WHAT TO DO:
All of the records should be reproduced word for word, but no images may appear in the copy.

[Records excerpted from a collection]
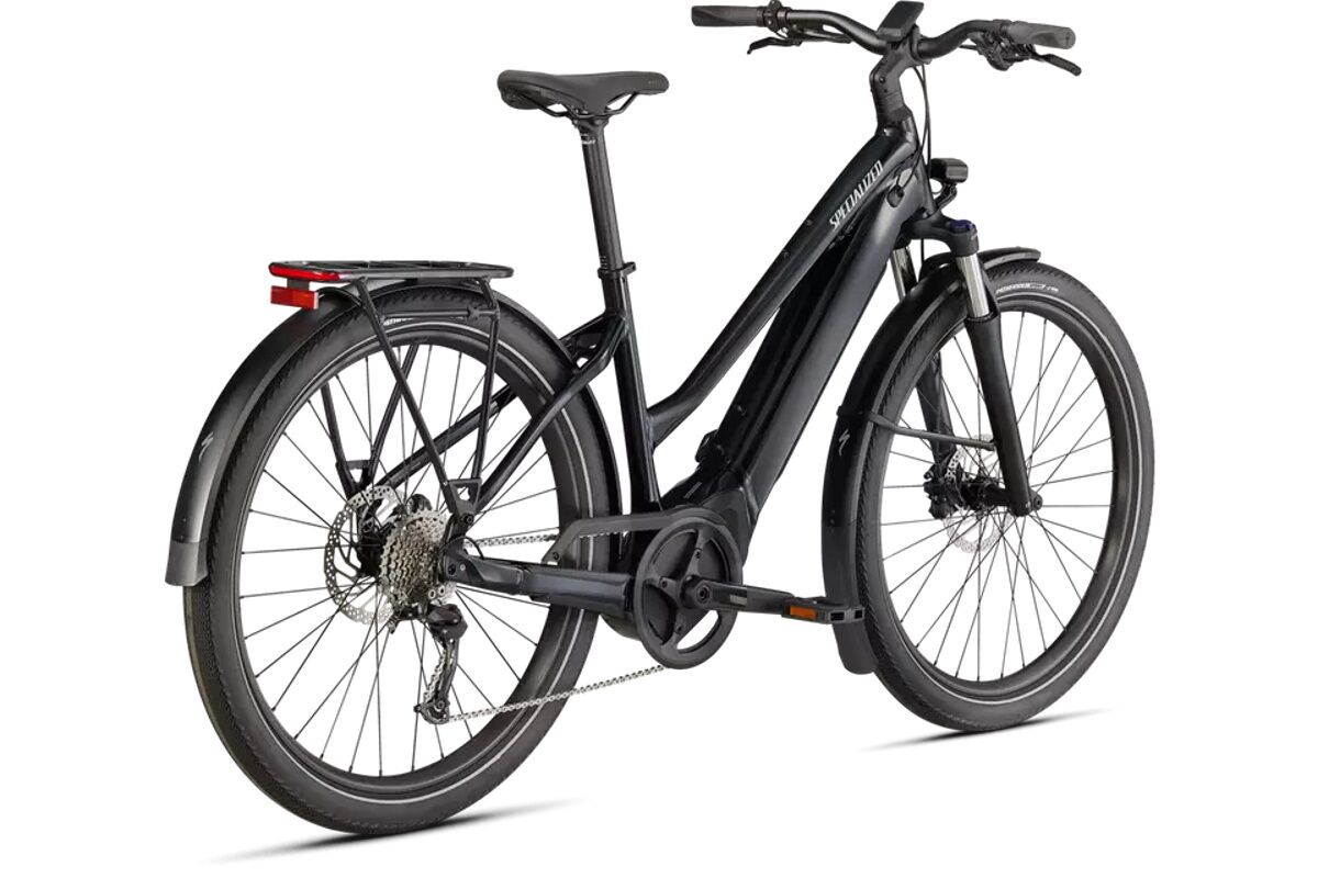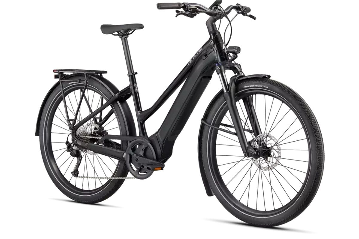 Especificaciones Tenedor SR Suntour MobieA32, 80 mm de recorrido, bloqueo, soportes para guardabarros, soporte de luz integrado Cuadro Aluminio E5, montaje de motor con soporte inferior, batería de tubo inferior bloqueable y completamente integrada, enrutamiento interno de cables, bloqueo y montaje de bastidor delantero Cabina Puños Contorno de mujer Body Geometry Sillín Bridge Sport, Rieles de acero, 155mm Provenir Flowset Specialized, aleación forjada en 3D, elevación de 20 grados, abrazadera de 31,8 mm Tija de sillín Specialized, aleación 6061, abrazadera de 2 pernos, retroceso de 0 mm, 30,9 mm Bigote daliniano Specialized, aleación, retroceso de 15 grados, elevación de 46 mm, 31,8 mm Frenos Frenos frontal Shimano BR-MT200, disco hidráulico, 180 mm Frenos trasero Shimano BR-MT200, disco hidráulico, 160 mm transmisión Platos 40T platos y bielas Bielas forjadas de aleación personalizadas Cadena KMC e9T, 9 velocidades con Missing Link™ Caja de cadena Cubrecadena personalizado Palancas de cambio Shimano Alivio, 9 velocidades con indicador óptico de marchas Casete Shimano CS-HG400, 9 velocidades, 11-36t Cambio trasero Shimano Alivio, SGS, 9-speed Ruedas Llantas Disco 650b, aleación de doble pared, con pasadores, 32h radios Industria suiza DT Neumático delantero Reflector deportivo Pathfinder, 650Bx2.3 Llanta trasera Reflector deportivo Pathfinder, 650Bx2.3 Buje delantero Shimano MT400, Centerlock, 15x100mm, 32h Buje trasero Shimano MT400-B, Centerlock, 12×148 Impulso, 32h Tubos internos Estándar 40 mm SV 650Bx1.75-2.4 bicicleta eléctrica Cargador Cargador personalizado, 42V4A con enchufe Rosenberger, 100-240V Arnés de cableado Mazo de cables personalizado Interfaz de usuario/remoto MasterMind TCD, con control remoto en el manillar, función antirrobo incorporada, conectividad Bluetooth®, páginas de visualización personalizables Motor Specialized 2.0E, par de 50 Nm, motor personalizado, 250 W nominales Batería Specialized U2-530, carcasa de aleación, indicador de estado de carga, 530 Wh Accesorios Guardabarros Guardabarros Specialized DRYTECH, 65 mm de ancho, soporte de aluminio Faro Lezyne EBIKE MINI STVZO E65, 210 lúmenes, 12V Pedales Viajero especializado con cinta de agarre y reflectores Campana campana sencilla Luz de la cola Spanninga Commuter Glow XE, 12V pata de cabra Pie de apoyo especializado, montura de 40 mm Estante Portabultos especializado, interfaz MIK HD, soportes para portaequipajes integrados, carga máxima de 27 kg Candado de bicicleta Bloqueo del sistema turbo
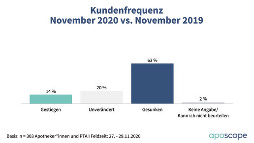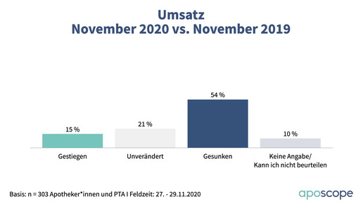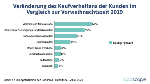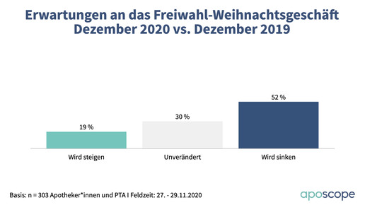 Kein Schlussspurt: Viele Apotheker und PTA fürchten, dass das Weihnachtsgeschäft in diesem Jahr ausfällt. Das gilt für den OTC-Bereich, ...Grafik: aposcope
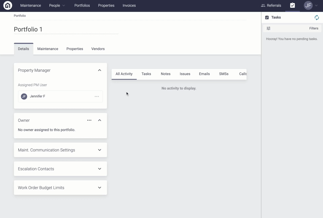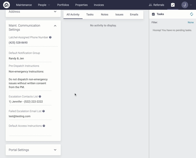 Step 4. Under the Details tab, scroll down to the Maint. Communication Settings section. From here, you will see the property inherited the Access Instructions from the Portfolio level. To override this, click override and then select then type the property’s Access Instructions and then click Save.
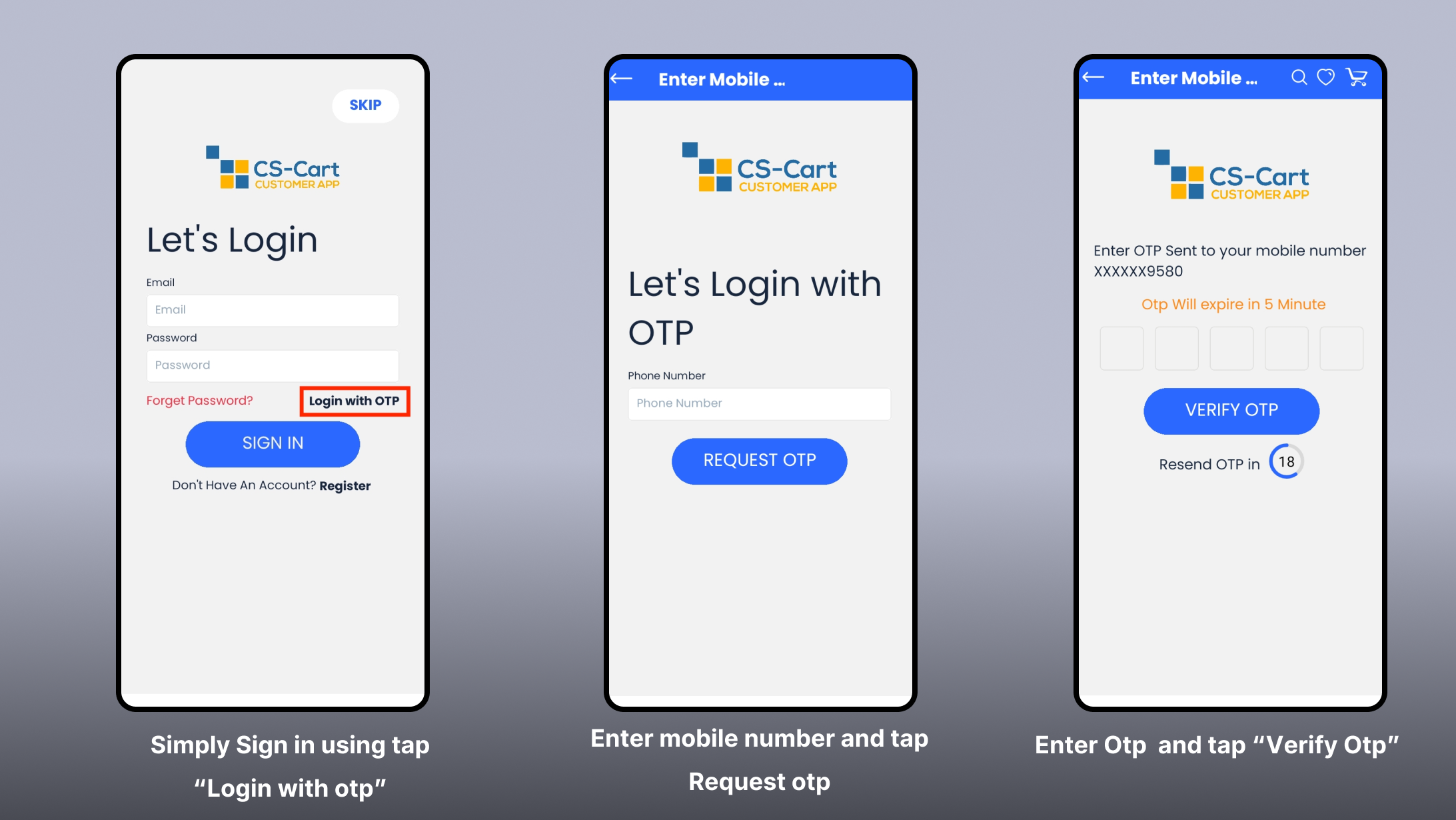 On the login screen, users can choose to login with OTP. To do this, they need to click on Login with OTP. A new screen will appear where the user enters their mobile number and clicks on Request OTP. The user will then receive an OTP on the entered mobile number. After receiving the OTP, the user must enter the OTP and click on Verify OTP. If the OTP is verified successfully, the user will be logged in. Afterward, the user can complete their profile.
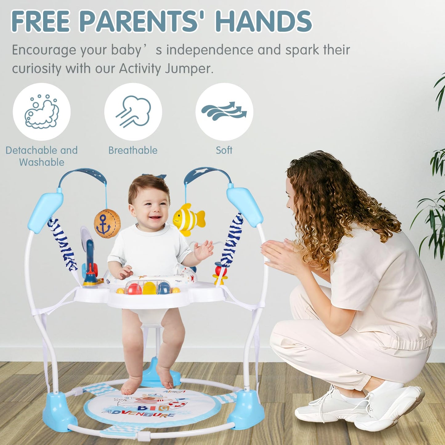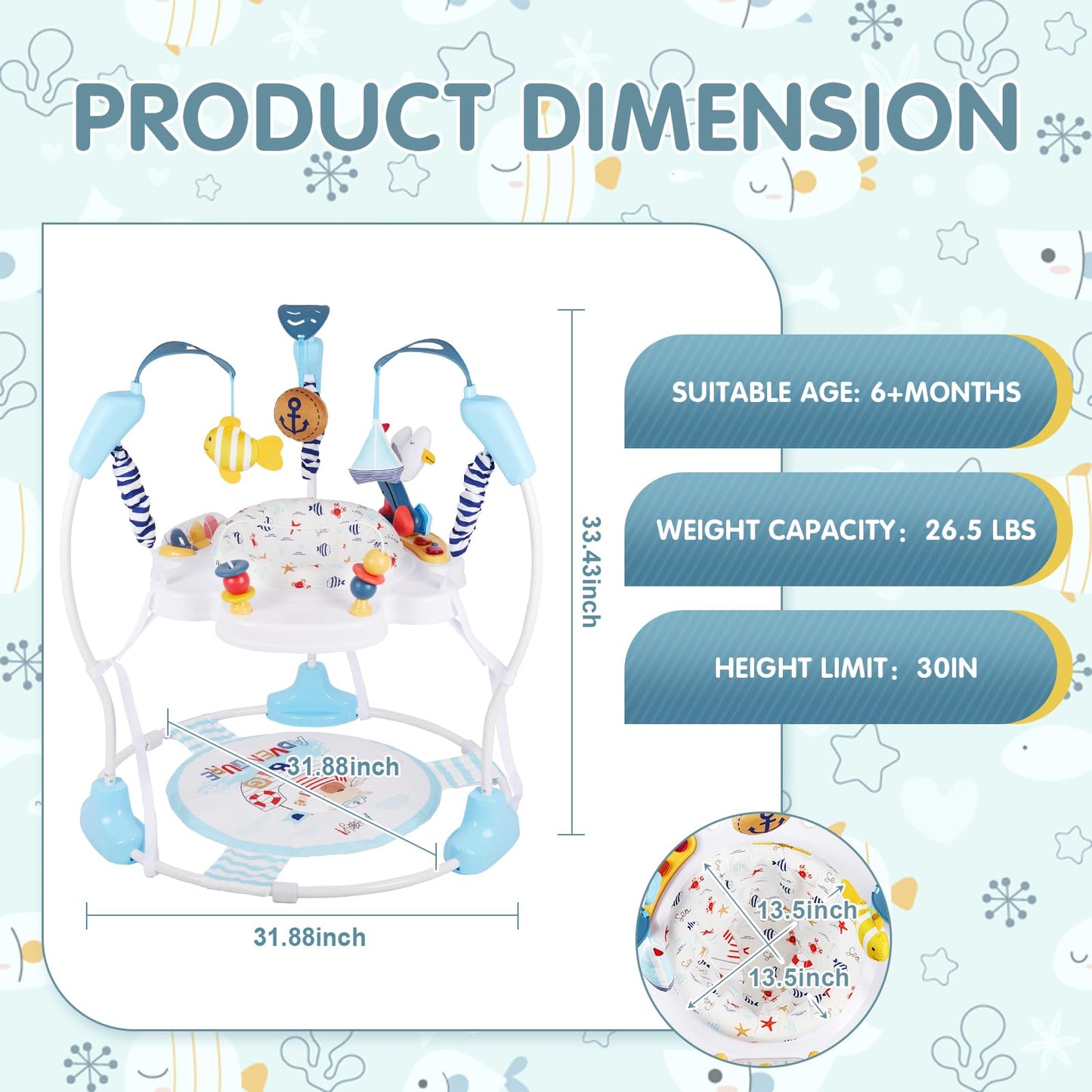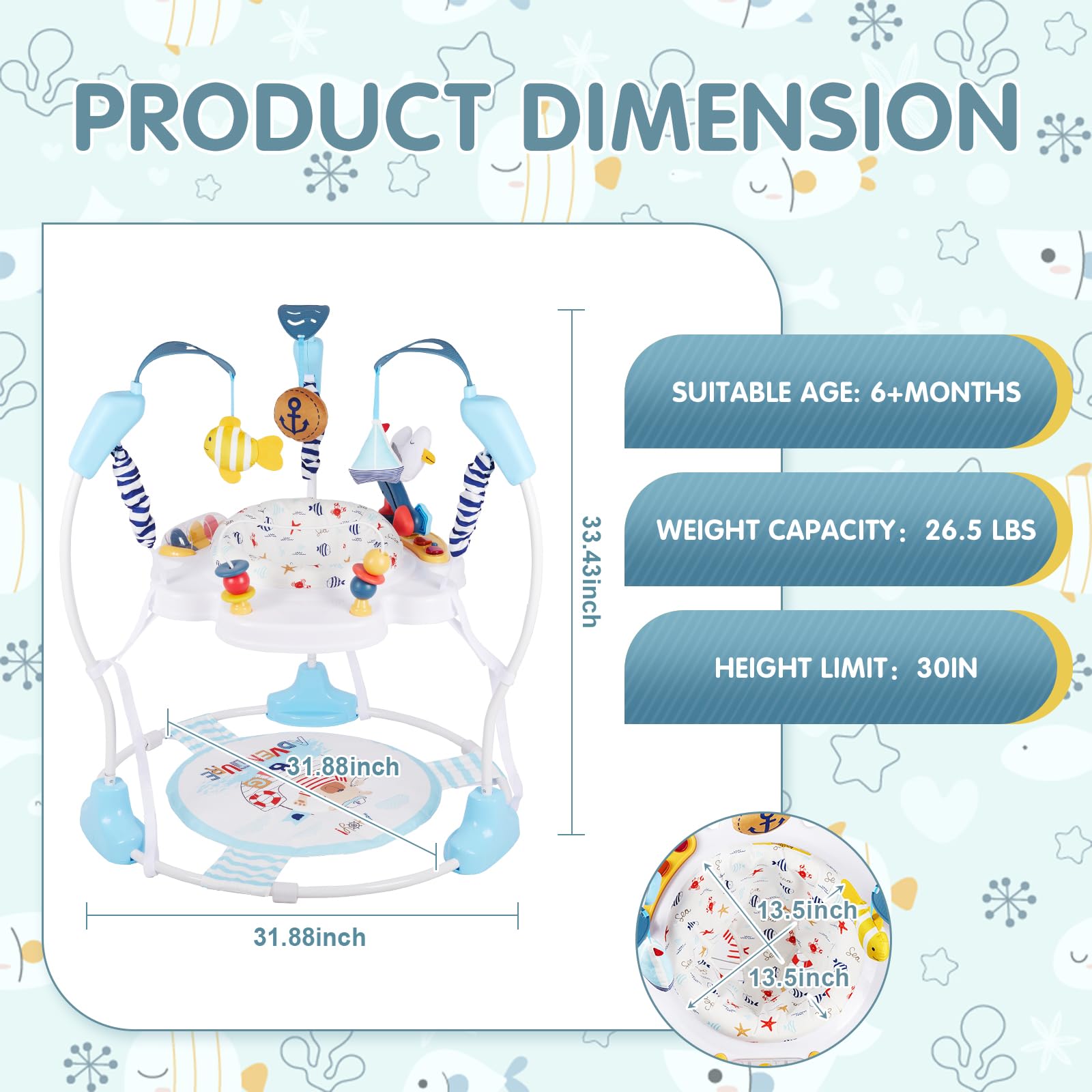 - 【Adjustable Height for Growing Babies】 This baby activity jumper offers 3 adjustable height levels, perfect for babies under 32" tall and 26.5 lbs. Easily set the right height so your baby’s feet touch the mat properly, ensuring safe bouncing and lasting use as a fun baby play center.

RESULT FOR THIS TASK:
 Especificaciones Tenedor SR Suntour MobieA32, 80 mm de recorrido, bloqueo, soportes para guardabarros, soporte de luz integrado Cuadro Aluminio E5, montaje de motor con soporte inferior, batería de tubo inferior bloqueable y completamente integrada, enrutamiento interno de cables, bloqueo y montaje de bastidor delantero Cabina Puños Contorno de mujer Body Geometry Sillín Bridge Sport, Rieles de acero, 155mm Provenir Flowset Specialized, aleación forjada en 3D, elevación de 20 grados, abrazadera de 31,8 mm Tija de sillín Specialized, aleación 6061, abrazadera de 2 pernos, retroceso de 0 mm, 30,9 mm Bigote daliniano Specialized, aleación, retroceso de 15 grados, elevación de 46 mm, 31,8 mm Frenos Frenos frontal Shimano BR-MT200, disco hidráulico, 180 mm Frenos trasero Shimano BR-MT200, disco hidráulico, 160 mm transmisión Platos 40T platos y bielas Bielas forjadas de aleación personalizadas Cadena KMC e9T, 9 velocidades con Missing Link™ Caja de cadena Cubrecadena personalizado Palancas de cambio Shimano Alivio, 9 velocidades con indicador óptico de marchas Casete Shimano CS-HG400, 9 velocidades, 11-36t Cambio trasero Shimano Alivio, SGS, 9-speed Ruedas Llantas Disco 650b, aleación de doble pared, con pasadores, 32h radios Industria suiza DT Neumático delantero Reflector deportivo Pathfinder, 650Bx2.3 Llanta trasera Reflector deportivo Pathfinder, 650Bx2.3 Buje delantero Shimano MT400, Centerlock, 15x100mm, 32h Buje trasero Shimano MT400-B, Centerlock, 12×148 Impulso, 32h Tubos internos Estándar 40 mm SV 650Bx1.75-2.4 bicicleta eléctrica Cargador Cargador personalizado, 42V4A con enchufe Rosenberger, 100-240V Arnés de cableado Mazo de cables personalizado Interfaz de usuario/remoto MasterMind TCD, con control remoto en el manillar, función antirrobo incorporada, conectividad Bluetooth®, páginas de visualización personalizables Motor Specialized 2.0E, par de 50 Nm, motor personalizado, 250 W nominales Batería Specialized U2-530, carcasa de aleación, indicador de estado de carga, 530 Wh Accesorios Guardabarros Guardabarros Specialized DRYTECH, 65 mm de ancho, soporte de aluminio Faro Lezyne EBIKE MINI STVZO E65, 210 lúmenes, 12V Pedales Viajero especializado con cinta de agarre y reflectores Campana campana sencilla Luz de la cola Spanninga Commuter Glow XE, 12V pata de cabra Pie de apoyo especializado, montura de 40 mm Estante Portabultos especializado, interfaz MIK HD, soportes para portaequipajes integrados, carga máxima de 27 kg Candado de bicicleta Bloqueo del sistema turbo
 Kein Schlussspurt: Viele Apotheker und PTA fürchten, dass das Weihnachtsgeschäft in diesem Jahr ausfällt. Das gilt für den OTC-Bereich, ...Grafik: aposcope
 Step 4. Under the Details tab, scroll down to the Maint. Communication Settings section. From here, you will see the property inherited the Access Instructions from the Portfolio level. To override this, click override and then select then type the property’s Access Instructions and then click Save.
 On the login screen, users can choose to login with OTP. To do this, they need to click on Login with OTP. A new screen will appear where the user enters their mobile number and clicks on Request OTP. The user will then receive an OTP on the entered mobile number. After receiving the OTP, the user must enter the OTP and click on Verify OTP. If the OTP is verified successfully, the user will be logged in. Afterward, the user can complete their profile.
 - 【Adjustable Height for Growing Babies】 This baby activity jumper offers 3 adjustable height levels, perfect for babies under 32" tall and 26.5 lbs. Easily set the right height so your baby’s feet touch the mat properly, ensuring safe bouncing and lasting use as a fun baby play center.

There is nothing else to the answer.